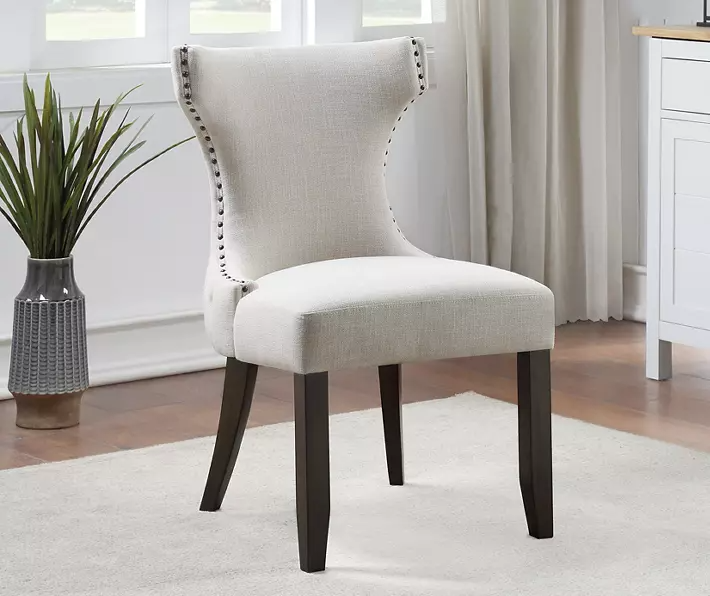 Blending both the traditional décor aesthetic and comfort, this padded office chair by Broyhill has your posture in mind. Featuring a stately bronze metal nailhead trim, durable canvas fabric and a diamond-tufted curved back, this chair can easily serve as all three an office chair, formal dining room chair and living room accent piece.
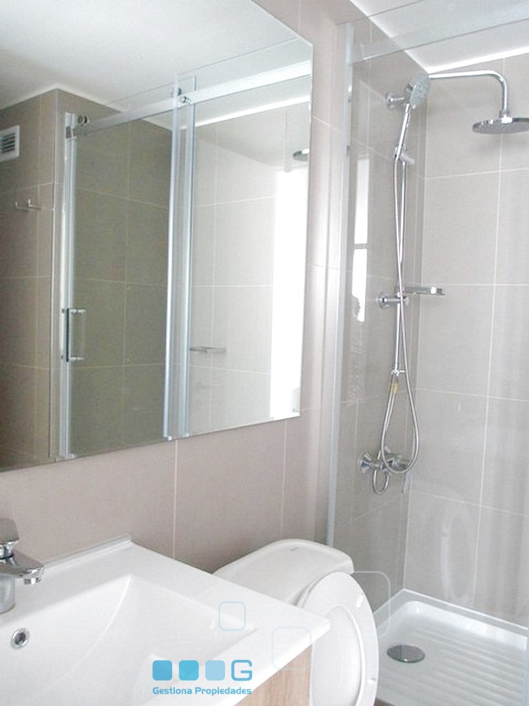 Precioso. Recibos con cocina americana equipada con encimera, horno, campana, salida a terraza. 1 dormitorio en suite con salida a terraza. 1 baño moderno, espacio para lavadora. Estacionamiento. Bodega. Edificio Full. Con plafones y barras p/cortinas
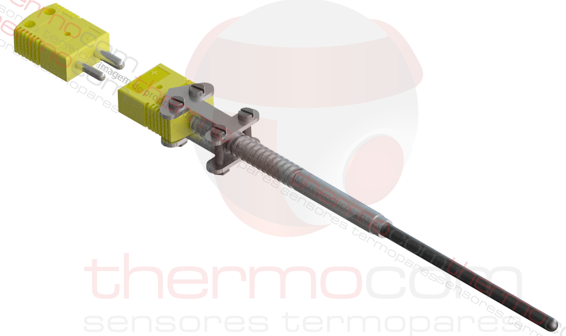 O termopar da série THCOM TC14 é produzido com pote de ligação para proteção contra tração e conector standard no rabicho. Disponível nos tipos J, K, T e N, oferece opções de montagem com junta isolada ou aterrada. Modelo fornecido com SAPA para proteger os fios do sensor contra danos mecânicos, vibração, umidade e agentes químicos presentes no ambiente industrial.
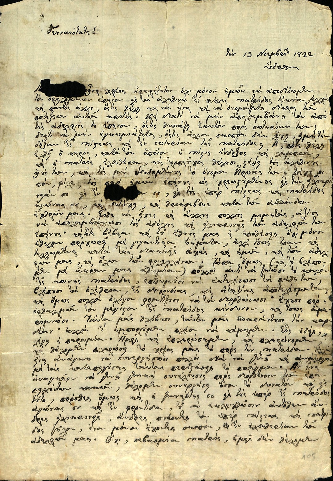 | Τίτλος | Επιστολή Υδραίων προς Νικήτα Σταματελόπουλο (Νικηταρά) λόγω αδυναμίας ανεφοδιασμού πολεμοφοδίων του στρατεύματος του. |
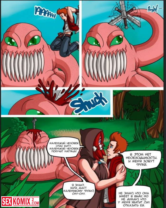 Порно комикс Фрай и дикарка Ките. Футурама. Приключения Фрая в альтернативной вселенной. Он попадает на чужую планету, но его спасает девушка.
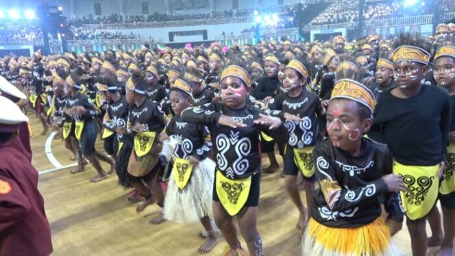 JAYAPURA, POJOKINDO.com – Sebanyak 2.600 anak-anak dari Kota dan Kabupaten Jayapura pecahkan rekor muri tampilkan tarian kolosal di puncak peringatan Hari Anak Nasional (HAN)
***
| Action item |
The copy should hold, exactly, the lines from the one containing "στρατεύματος του. |" to the final line of the listing above, with both ends present and no pictures.

| Answer for the task |
 | Τίτλος | Επιστολή Υδραίων προς Νικήτα Σταματελόπουλο (Νικηταρά) λόγω αδυναμίας ανεφοδιασμού πολεμοφοδίων του στρατεύματος του. |
 Порно комикс Фрай и дикарка Ките. Футурама. Приключения Фрая в альтернативной вселенной. Он попадает на чужую планету, но его спасает девушка.
 JAYAPURA, POJOKINDO.com – Sebanyak 2.600 anak-anak dari Kota dan Kabupaten Jayapura pecahkan rekor muri tampilkan tarian kolosal di puncak peringatan Hari Anak Nasional (HAN)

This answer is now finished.